Und wenn es auch stimmt, wie es Klingbeils Chef,
Bundeskanzler Friedrich Merz, dieser Tage gesagt hat, dass wir alle mehr
arbeiten müssen, so nicht deshalb, weil einige Sozialbetrüger auf der faulen
Haut liegen und das Bürgergeld allzu üppig fließt, sondern weil unsere
Infrastruktur marode ist, unsere Streitkräfte zu klein und zu schlecht
bewaffnet sind, die Rentner und Rentnerinnen aber immer mehr werden und auch bei
der Union die größte Wählergruppe stellen. Natürlich
hören sie Appelle zur Mehrarbeit und Tiraden gegen das Bürgergeld gern.

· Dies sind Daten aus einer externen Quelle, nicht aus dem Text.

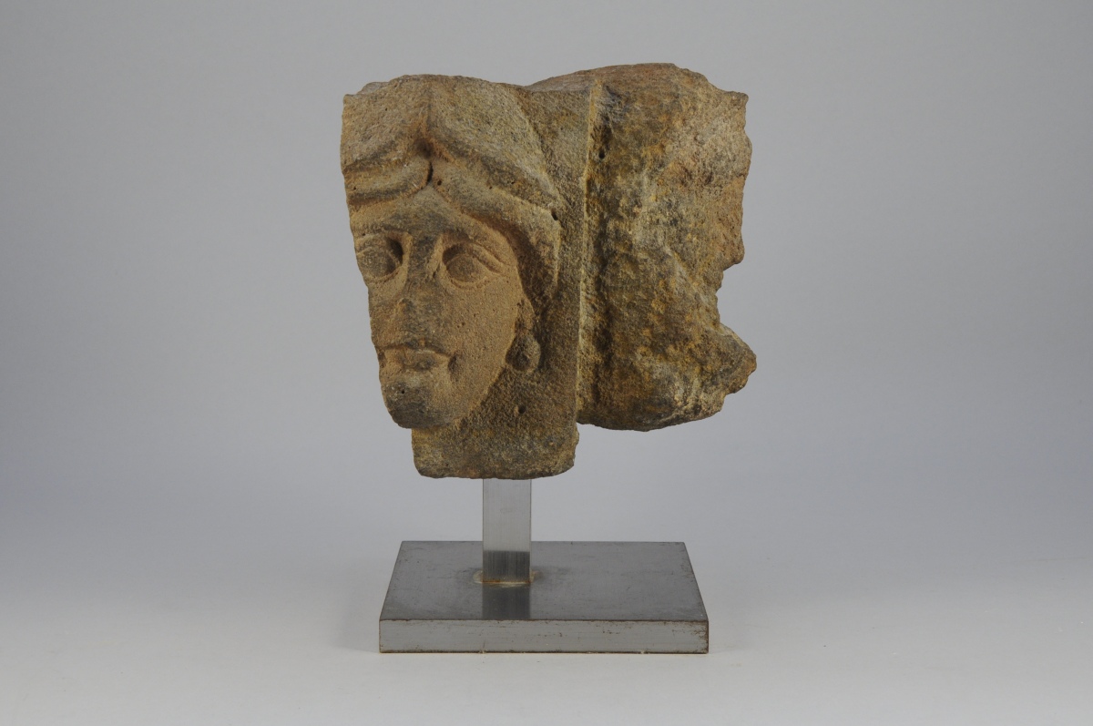 à entablement en granit volcanique. Sculpté en façade d'une tête d'homme portant la barbe et, à chacun de ses côtés, d'une tête féminine.
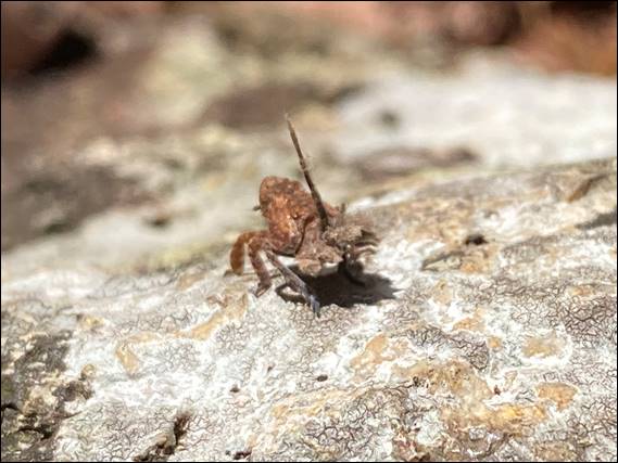 It was so good that it took a while for everyone to lead or second the very cool two pitch routes. And while that happened the rest of us were kept entertained with a myriad of interesting insects and arachnids that were mulling about below. The above insect is a nymph planthopper, probably of the Eurybrachys genus. This one may well have lost one of its false antenna, which are located at the back of the body. This is an example of mimicry to make it look like a different and more aggressive creature, to deter predators:
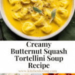 A cozy fall soup combining roasted butternut squash, fragrant fresh herbs, and cheesy tortellini. This creamy and comforting butternut squash tortellini soup is perfect for chilly days and offers a delightful blend of sweet, savory, and creamy flavors.
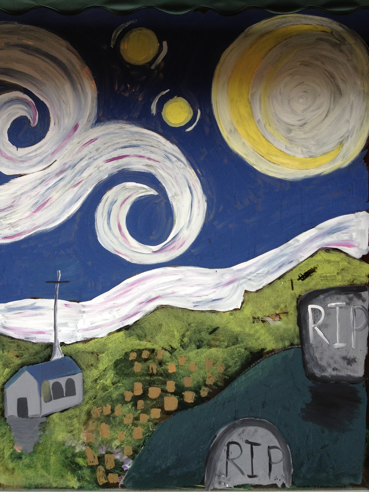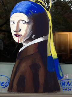 I would have posted this blog yesterday but I didn't have any power or Internet connection due to Hurricane Sandy. Anyway, every Halloween Nyack High School students paint the outsides of store windows on Main St. and Broadway in Nyack. Many of them have the focus of art history. I thought that this year's window paintings were excellent.
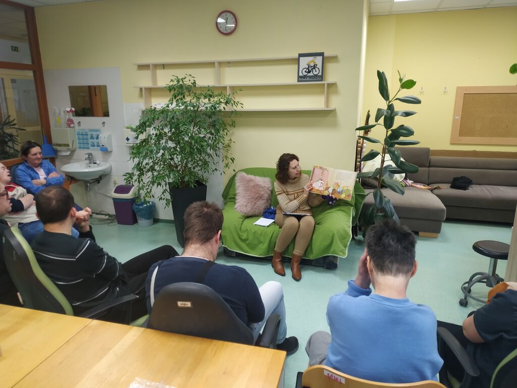 Srečali smo se v sredo, 28. januarja 2026, v prostorih VDC Saša. Varovanci so pravkar zaključili svoje delovne obveznosti in si privoščili krajši počitek. Ta pa ne bi bil popoln brez pravljice, ki sem jo pripovedovala knjižničarka Nataša.
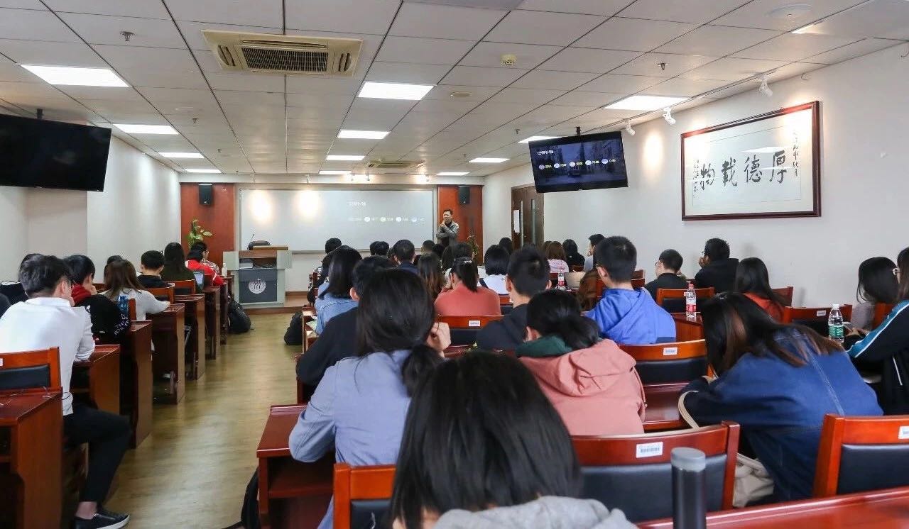 吴鹏校友则介绍了中信公司的三大类业务,就实习和就业中常见疑惑进行讲解。中信公司主要有三大类业务,即股权、债权和并购,三大类业务的共同之处在于对就业人才的专业知识要求很高。针对大学阶段实习、工作中的常见疑惑,吴鹏校友一一讲解。他从“实习如何更有意义”、“找工作应该关注什么”、“职业如何c位出道”三个方面生动幽默地分享了职场的宝贵经验。吴鹏校友表示,实习十分重要,能够结交朋友、提高能力、了解诉求和熟悉社会。他指出,公司在招聘人才时,会通过专业能力、魅力、心态等多方面综合考虑,对于个人而言,找工作时最好从兴趣、户口、薪酬等方面考虑,在大学生活中,要着重提高自己学习能力、适应能力、沟通协调能力,为将来就业打下基础。

Sie
sind davon ja nicht betroffen.

Was soll man also der SPD raten? Traditionell ist sie die
Partei des öffentlichen Diensts, genauer: der Sozialbürokratie. Darin liegt
auch ihr Problem; denn – kurz und böse formuliert – diese Bürokratie lebt davon, dass sie gebraucht wird. “Die Armen habt ihr allezeit bei euch”, sagte
Jesus von Nazareth, und das ist auch das Motto der Sozial- und Wohnungsämter, Jobcenter, Jugendhelfer.